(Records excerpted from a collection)
────────────────────────────────────────

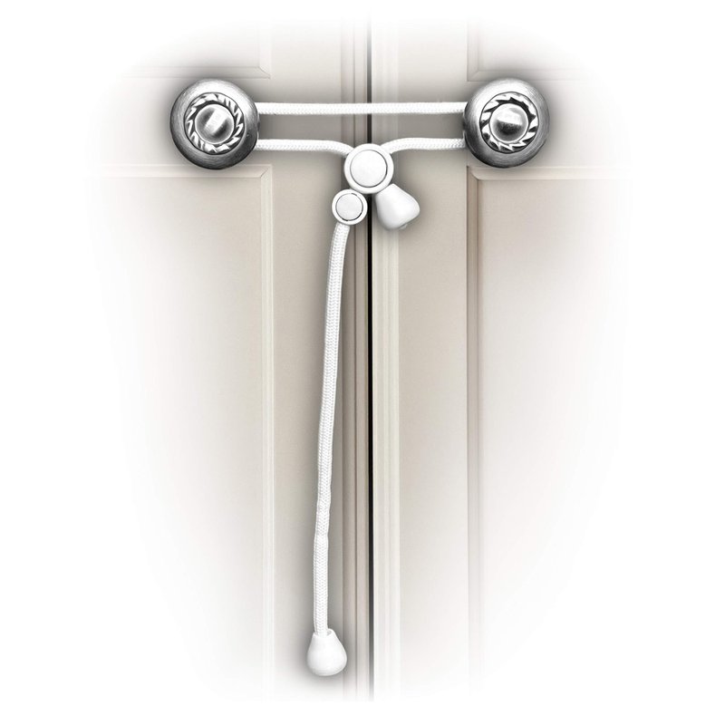 5 Pack baby safety locks are designed by a mom for moms. Ever thought about what could happen to your expensive furniture when you try to remove an adhesive from the doors after 2-3 years? Our latches keep small children safe, and offer the best protection and easy installation with no tools, adhesives, screws or drill necessary. New parents with little one’s can rest easy that our ties will babyproof their house. After a few tugs on the strap, kids simply give up and leave the knob alone. Our childproofing kit is also great for grandparents needing a temporary locking solution because they won't scratch or damage kitchen and bathroom cabinets and they are very easy and effective to use. The cords can be removed using just one hand making getting into cupboards a snap. Our child proofing products are time tested and have consistently been used by moms and dads for over 10 years. Unlike magnetic locks, our no drilling or adhesives childproof cord latches are portable and can go anywhere with on the go parents to secure cabinet knobs and keep your new baby out of danger. Our safety products also make for a great gift for a baby shower, birth announcement, or new baby present. New parents will be prepared when their infant begins crawling at 6 months old, the suggested time to baby-proof. Give our child proof safety latch a try. They can fit knobs up to 5 inches apart. Please confirm the distance between the knobs prior to ordering. We do not make longer cords for product safety reasons. These cord lock child cabinet latches work on knobs only and will not work on a closed loop straight handle. If you have handles, please see our other Kiscords safety fastener designed for that purpose.
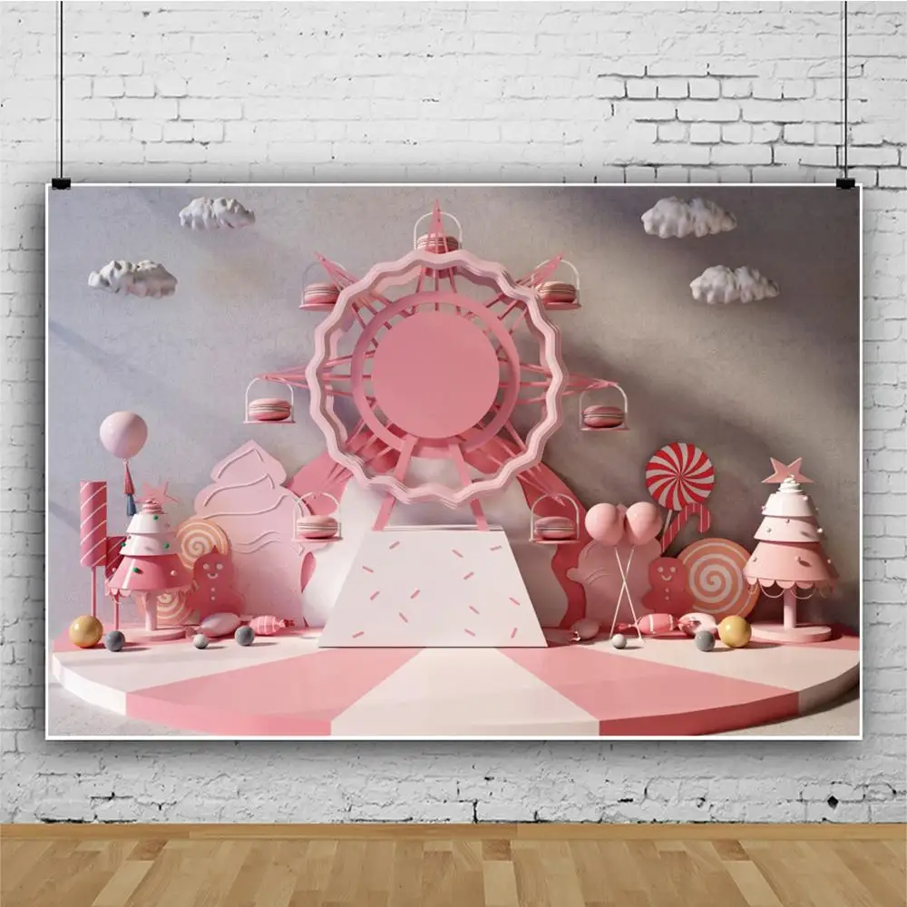 Розовая фотография, конфеты, леденцы, колесо обозрения, декор для вечеринки на день рождения, портрет, Фотофон для фотостудии
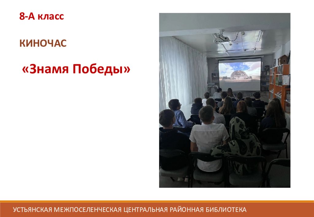 8-А класс КИНОЧАС «Знамя Победы» УСТЬЯНСКАЯ МЕЖПОСЕЛЕНЧЕСКАЯ ЦЕНТРАЛЬНАЯ РАЙОННАЯ БИБЛИОТЕКА
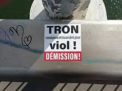 Autocollant demandant la démission de Georges Tron après sa condamnation (pont de la Première-Armée-Française de Juvisy-sur-Orge, ).
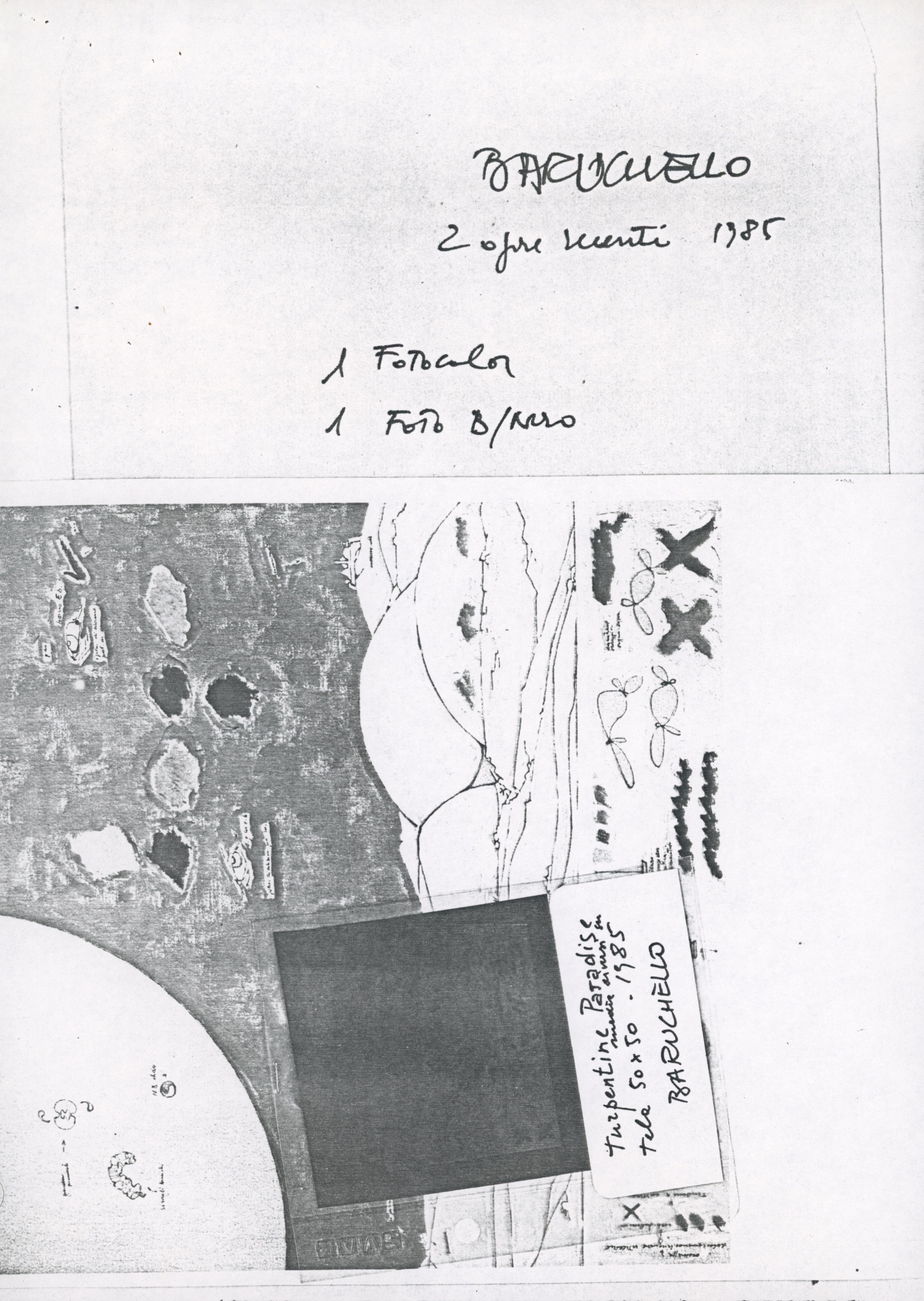 Parte di questo materiale inviato è documentato da una fotocopia allegata nella stessa cartella in cui, su uno stesso foglio, appaiono sovraimpresse le due riproduzioni fotografiche menzionate, corredate da una sintetica descrizione apposta dall’artista: «2 opere recenti 1985 1 fotocolor e 1 foto in bianco e nero»[20].
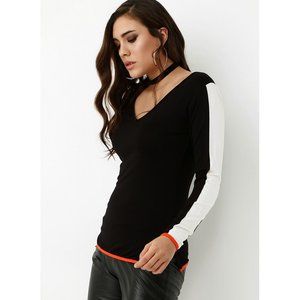Bambina Mia - Color Block Contrast Hem V-Neck Top
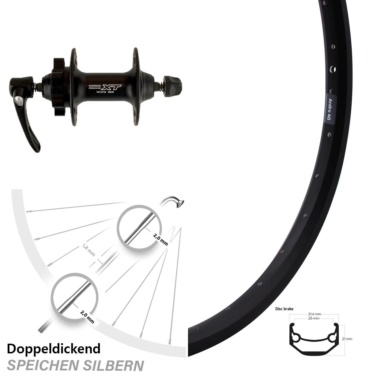 Technische Daten Vorderrad Ryde Andra 40 Disc schwarz mit Nabe Shimano XT HB-M756 schwarz
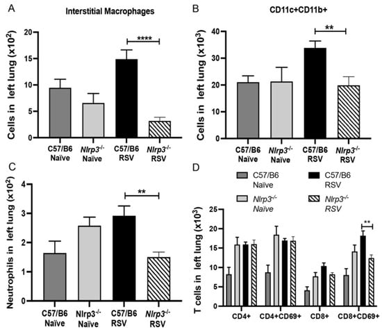 Diminished RSV airway inflammation in Nlrp3−/− neonate mice. (A) Neonatal Nlrp3−/− or C57BL/6 mice were infected with RSV. Flow cytometry of the lung leukocytes (A) Interstitial macrophages (B) CD11c+CD11b+ antigen-presenting cells (C) Neutrophils (D) T cells. Data represent the Mean ± SEM from 4 to 5 mice (experimental repeats 2). ** p ≤ 0.01, **** p ≤ 0.0001.
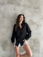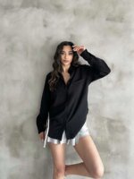 Siyah Tensel Oversize Gömlek
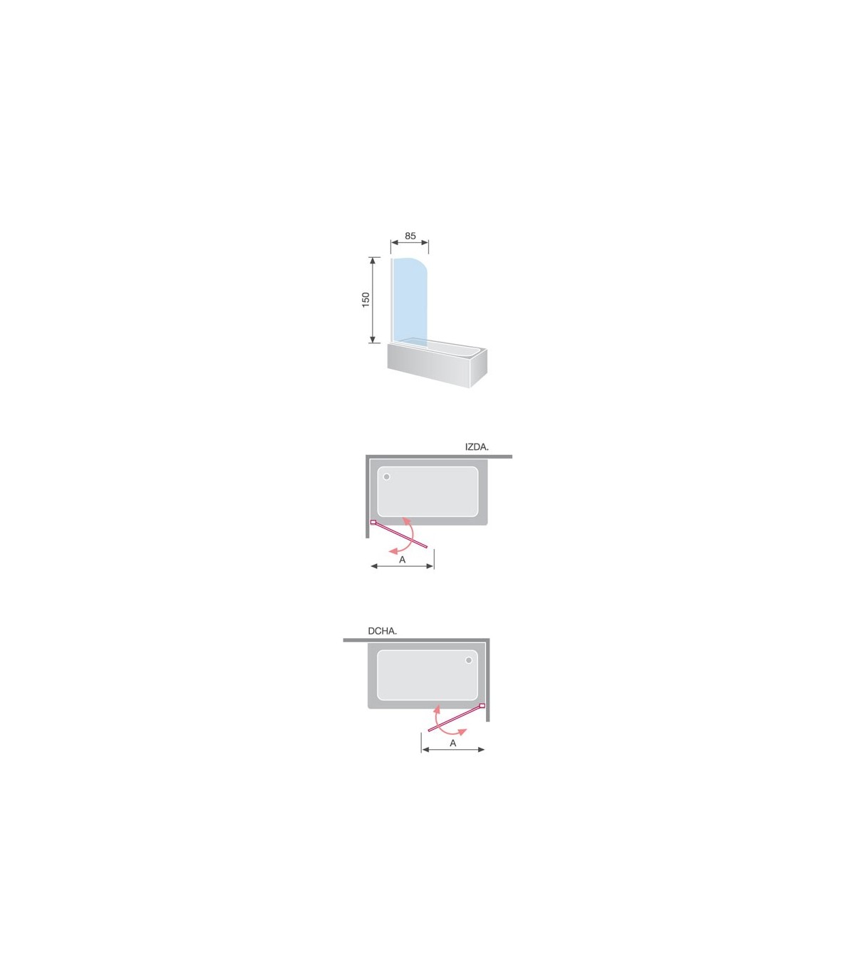 SERIE 300 Bañera abatible es una práctica mampara de una sola hoja, con perfil de aluminio anodizado plata alto brillo y vidrio securizado de 6 mm en transparente. Reversible.
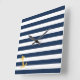 As características chiques náuticas do pulso de disparo de parede azuis e as listras brancas cobriram com uma âncora do ouro.

────────────────────────────────────────

*Task instructions:*
Set down exactly, line for line, the data from the line that contains "SERIE 300 Bañera" through its last line, keeping pictures out.

*Result of the exercise:*
 SERIE 300 Bañera abatible es una práctica mampara de una sola hoja, con perfil de aluminio anodizado plata alto brillo y vidrio securizado de 6 mm en transparente. Reversible.
 As características chiques náuticas do pulso de disparo de parede azuis e as listras brancas cobriram com uma âncora do ouro.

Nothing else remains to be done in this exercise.